An image classification model that takes an image as an input, and predicts whether the image is real or created by A.I. based on the results from two models.
- A Convolutional Neural Network (CNN) architecture was developed by our team
- An EfficientNet-based model architecture implemented by our team.
Names | Primary Roles | Secondary Roles |
---|---|---|
Farhikhta Farzan | Data collector and cleaner | Model Interpreation/ Visualization and deployment |
Keira James | Feature Engineer | Model Developer |
Tesneem Essa | Feature Engineer | Model Developer |
Try the project here 🎨 !
https://huggingface.co/spaces/Digital-Detectives/AI-vs-Real-Image-Detection
_demo_.mp4
The goal of this project is to develop a deep learning model that can accurately distinguish between real images and AI-generated images. We will collect datasets of real images and fake images. The data will be preprocessed, normalized, and augmented to enhance training. Using TensorFlow and Keras, we will design a Convolutional Neural Network (CNN) for classification, and validating performance through a confusion matrix. Finally, the project will include documentation of the process, findings, and suggestions for future improvements.

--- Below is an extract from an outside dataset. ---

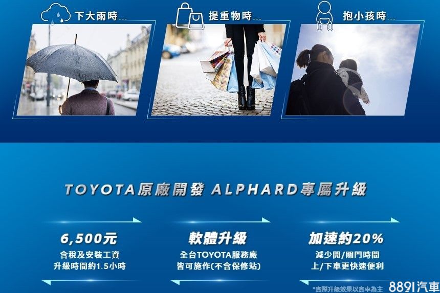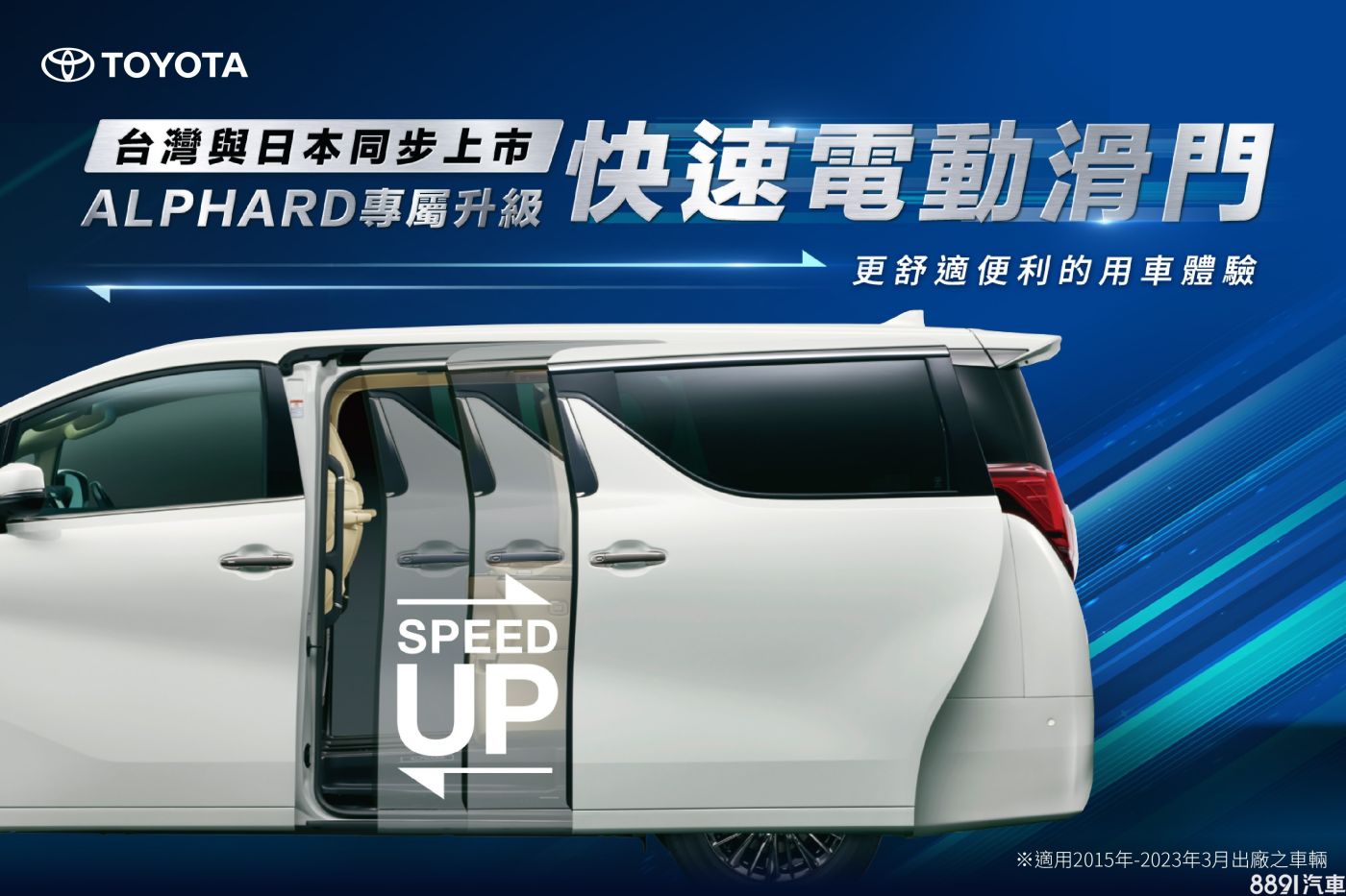 繼2022年推出RAV4 TSS升級方案後,和泰再向Toyota原廠爭取其他升級品項,並於今(7/12)日宣布推出舊款Alphard快速電動滑門升級專案,適用於2015~2023年3月間出廠之車輛,升級費用為新台幣6500元(含稅+工資),即日起開放預約,預計8/1起可回服務廠進行更新。
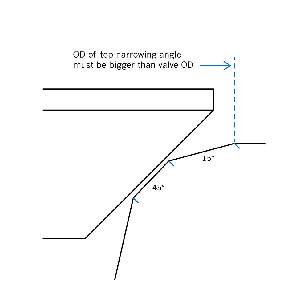 ANGLES Find the angles you need. To do a proper valve job you will need three angles : the contact surface and two "narrowing angles" immediately above and below the contact surface. Almost all valves are 45 degrees. If you don't have the OEM specifications for the narrowing angles, we recommend the standard 30° - 45° - 60° profile.

CIFAKE: Real and AI-Generated Synthetic Images
CIFAKE is a dataset that contains 60,000 synthetically-generated images and 60,000 real images (collected from CIFAR-10). The dataset contains two classes - REAL and FAKE.
For REAL, images are collected from Krizhevsky & Hinton's CIFAR-10 dataset. For the FAKE images, the equivalent of CIFAR-10 with Stable Diffusion version 1.4 was generated.
There are 100,000 images for training (50k per class) and 20,000 for testing (10k per class)
Paintings from 10 different popular artists
This data set is about paintings from 10 different artists. The artists are davinci, frida kahlo, henri matisse, jackson pollock, johannes vermeer, picasso, piere auguste, raphael, rembrandt, and van gough
ArtStyles-Dataset
ArtStyles dataset contains 360 images containing 3 different digital art styles. The art style includes Anime, Comic and Semi Realism
DALLE Art March, 2023
These are AI-generated art images using Midjourney for the month of March 2023. It contains around 660 files
Detecting AI-generated Artwork
This dataset was produced as part of the study "AI Generated Art: Latent Diffusion-Based Style and Detection". It contains 1705 fake images and 1705 real images.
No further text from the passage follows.